Here’s the brilliancy of a set like this: Take a band whose ’90s vinyl output, even its lone Matador-released 1995 LP, has been findable only on the thorniest of paths, and nonexistent on CD, dump the lot onto four discs, add a DVD of random concert footage and backstage drooling idiocy, and sell the thing for $16. Then the question is, “Do I need all of this?” One can hear the record-store clerks now, nodding their heads while snatching this thing off the display wall and chanting, “Oh, you do, you do!” Like you need a good thrashing, a downsizing, a re-configuring.

Led by guitarist/singer/instigator Daniel Saxton Bunny, this revolving troupe of mental patients and sociopaths oozed out of Connecticut’s stony landscape in the early ’90s, upping the ante on rock ’n’ roll stupidity to nearly unreachable peaks with shows that started out at total meltdown and proceeded to use electricity as torture.

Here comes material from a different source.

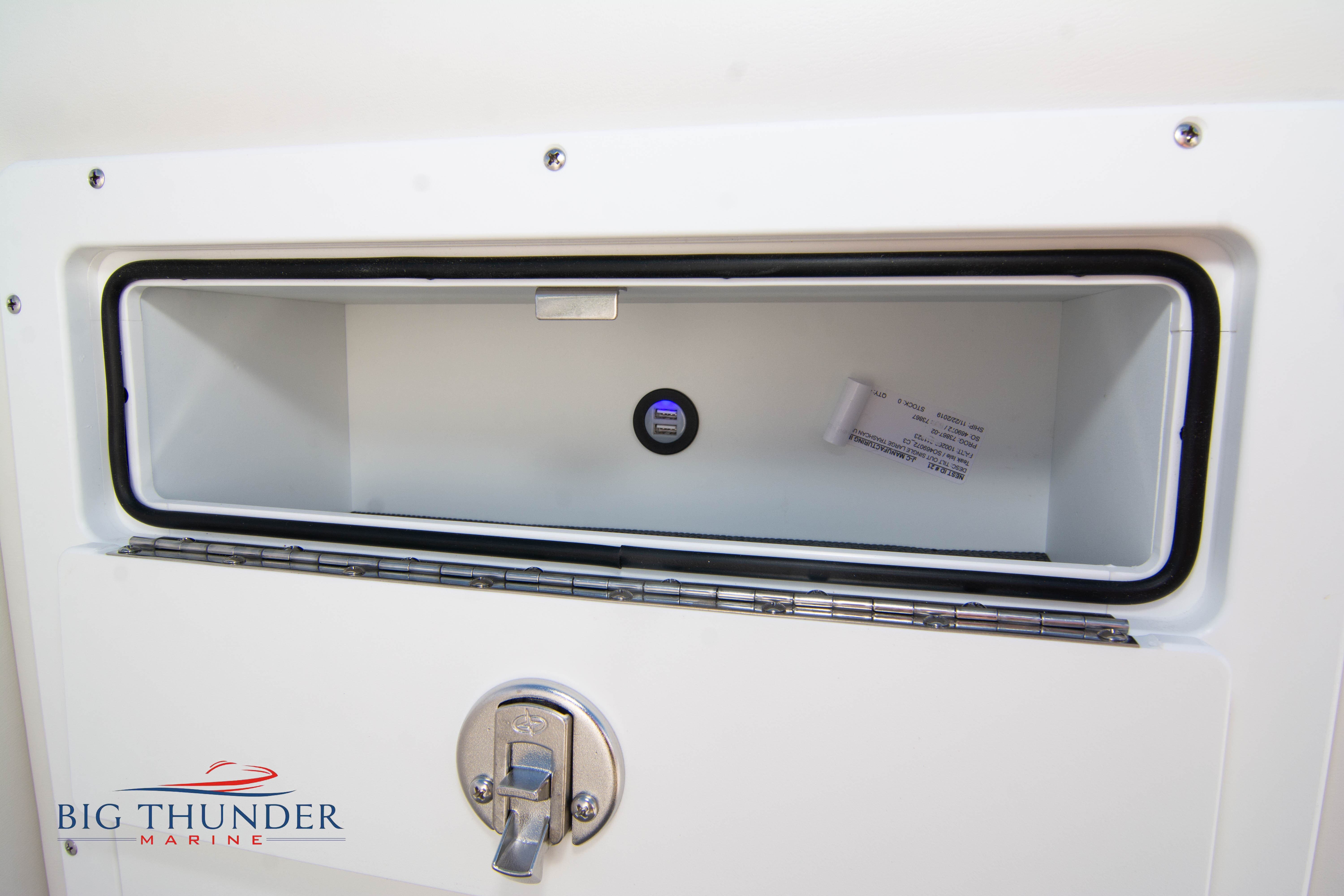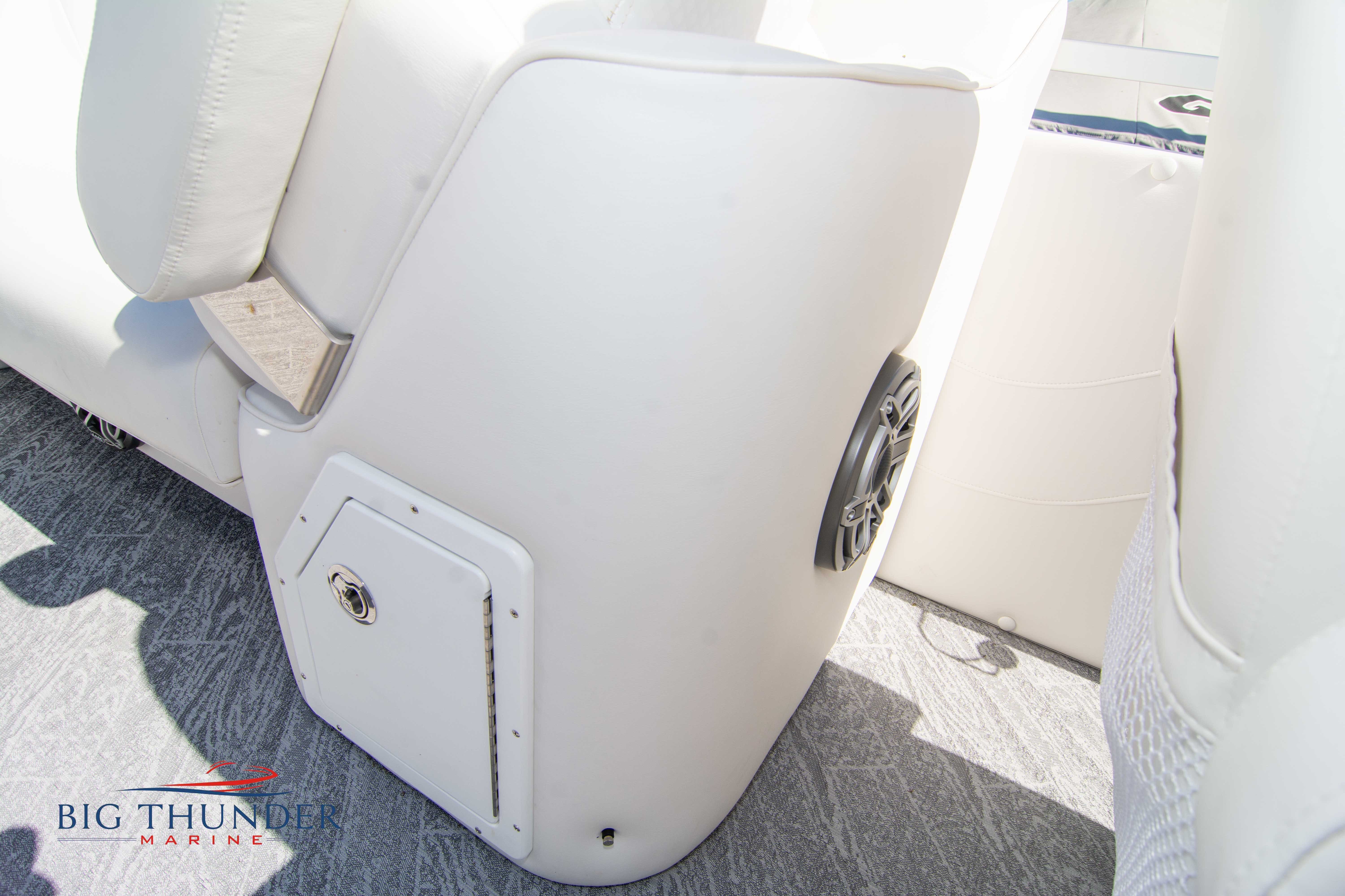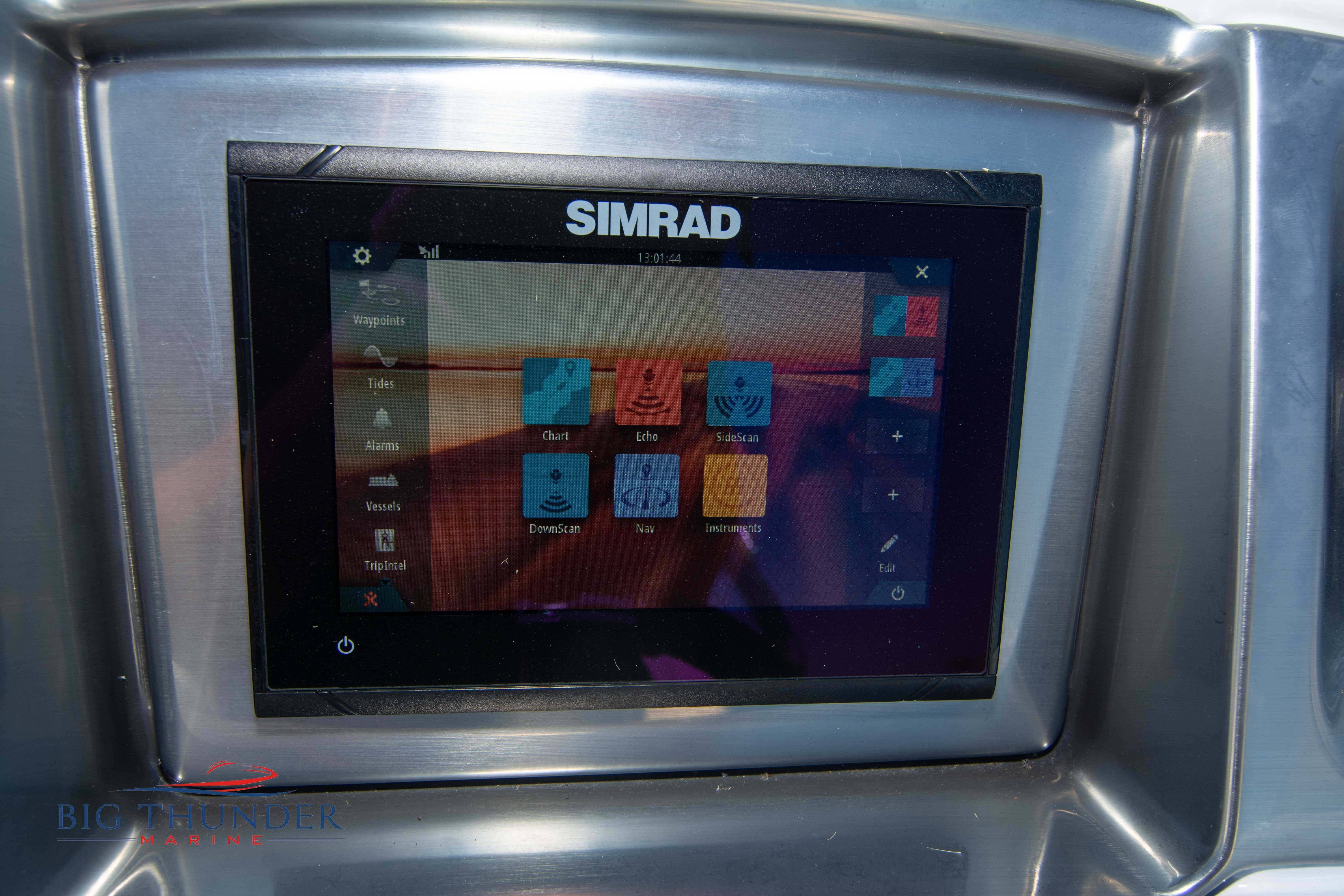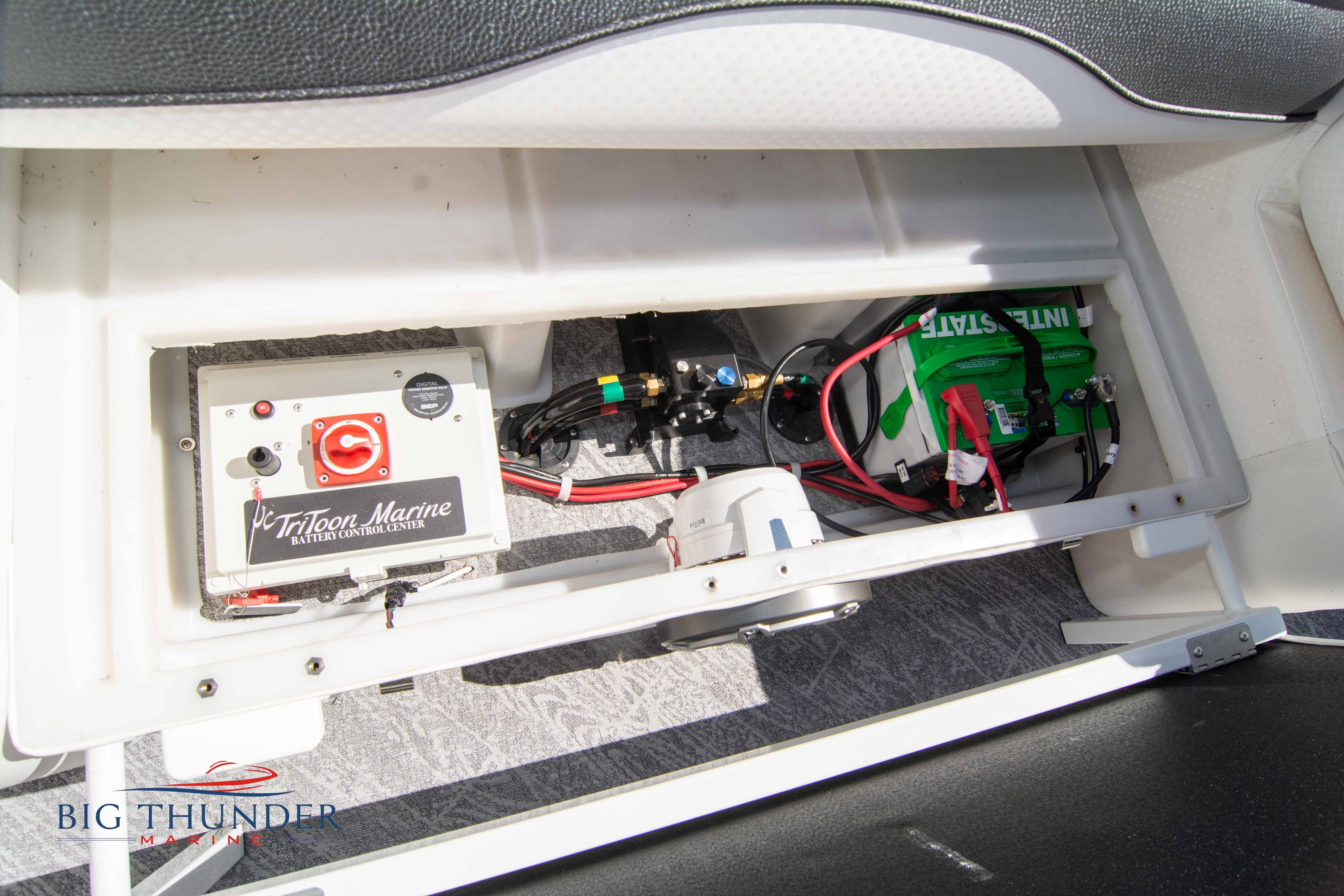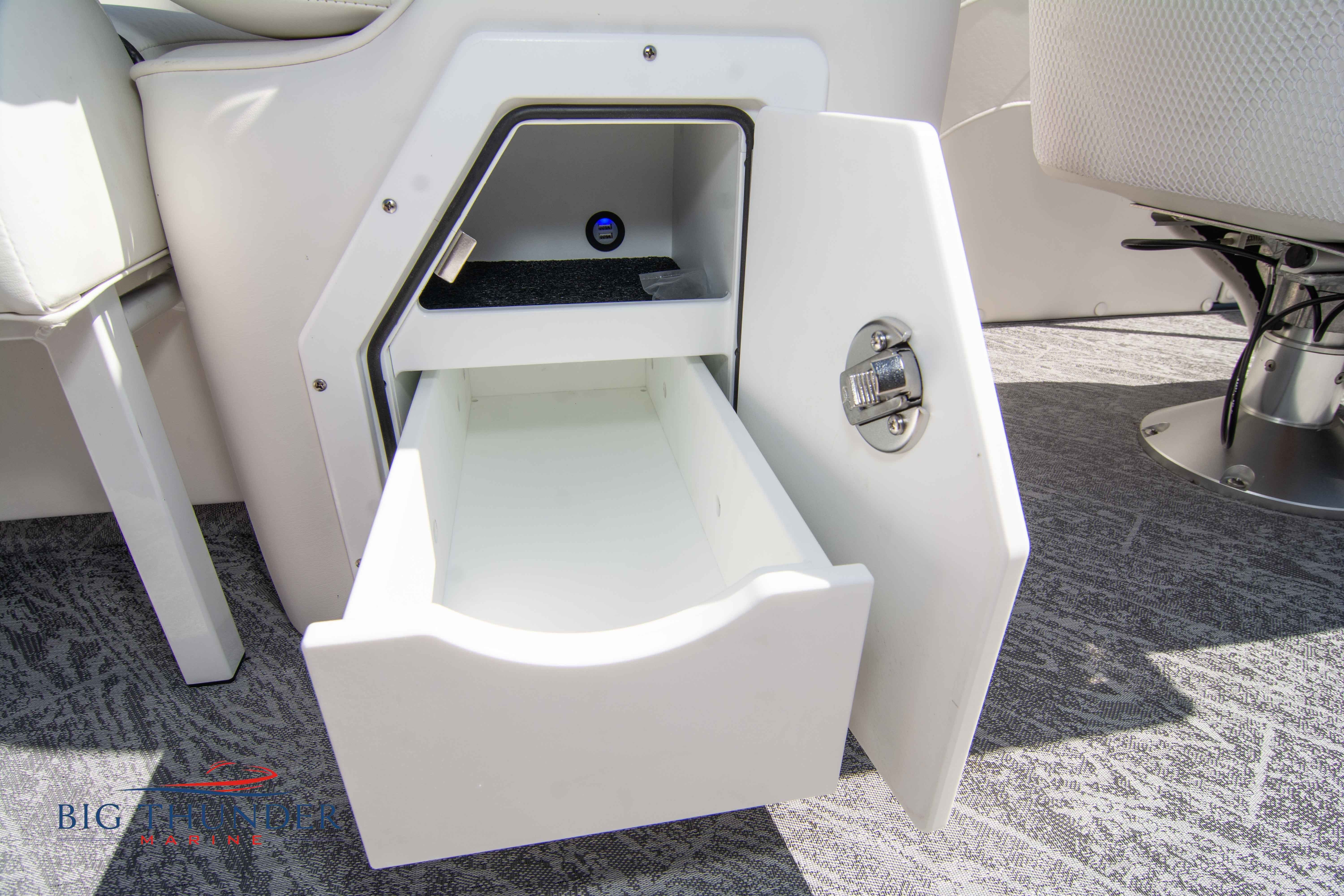 Suzuki Pre-Rig. Suzuki 250 SSTXW2. Sport Pkg. (Hydraulic Steering 1.7 w/ Power Assist, Lifting Fins). High Tide Hull (High Strength Elevated Performance Hull w/ 350HP Rating, Bow Anchor Locker w/ Marine Mat, In-Tube Storage w/ Marine Mat, Taller SS Heavy Duty Ski Tow). Charcoal Wall Panels. White Rails & Helm Cap. SS Rubrail Insert. SS Flip Up Bow Cleat. SS Fender Holder w/ Fenders. SS Bow Rails.Gray JC Plank Flooring. White Upholstery w/ Charcoal Upholstery Trim Pkg. Steel Color Bimini Top. Bimini Trailering Supports-10’ HD 1 1/4"" Frame (2). Dual Swim Platform w/ Ladder. Dual Stern Lounges w/ Storage & Drawer. Bow Lounger w/ Arm Rest w/ USB Storage & Drawer. Bow Lounger w/ Arm Rest w/ Trash And Flip Down Storage. High Back Reclining Companion Seat w/ Leg Lift. High Back Reclining Helm Capt. Chair w/ Bolster. Raised Helm Platform w/ Marine Mat. Deluxe Spoked Steering Wheel. 7"" Simrad GO7 Touch Screen w/ Engine Interface. JL MM-100 Stereo. JL 8.8 Spkr. Upgrade 2/ RGB Lights & 6W Amp. JL 8.8 Stern Spkrs. (2) w/ 2-Way Inline JL Amp. RGB Interior/Exterior Lighting Pkg. w/ Control Center. Floor & Helm Misting System. Glove Box. Fuel/Water Filter. Mooring Cover.

While comparable to early Flipper or the escapades of the Butthole Surfers, the Brains lack the focus, the control or even the song structure of those two. Instead, they rely on improvisation and instant poetry of the vilest sort. Imagine the Grateful Dead jacked to the gills on PCP and paranoia while someone butchers sheep behind them and you might get an idea of what these guys are about. Then again, you might not.


Box the Bunny’s earliest material concentrates on foreboding guitar-driven cavern jams a la Yeti-era Amon Düül II, but performed under the influence of worse drugs. Here, the band’s individual statements get lost in a pit of wah-wah-enhanced sludge. On discs two and three, the set dips into juvenile goofs, including radio-station call-ins, bratty rants, walls of atonality and even less emphasis on musicianship, before the final disc’s climactic flail-a-thons and musical vivisections. Yet it’s the DVD of live material that truly allows the Brains to roll around in chaos like dogs do cow dung. There’s a seeming guerilla event on an otherwise sunny day at a Chicago college campus, a video of DS Bunny soaping up naked while singing, and even footage from Pittsburgh’s own beloved MIT! The ultimate white band, they’ve stripped the music from the shackles of importance and, onstage or on record, put an end to the need for any more guitar rock.

scott seward (scott seward), Sunday, 21 November 2004 20:24 (twenty-one years ago)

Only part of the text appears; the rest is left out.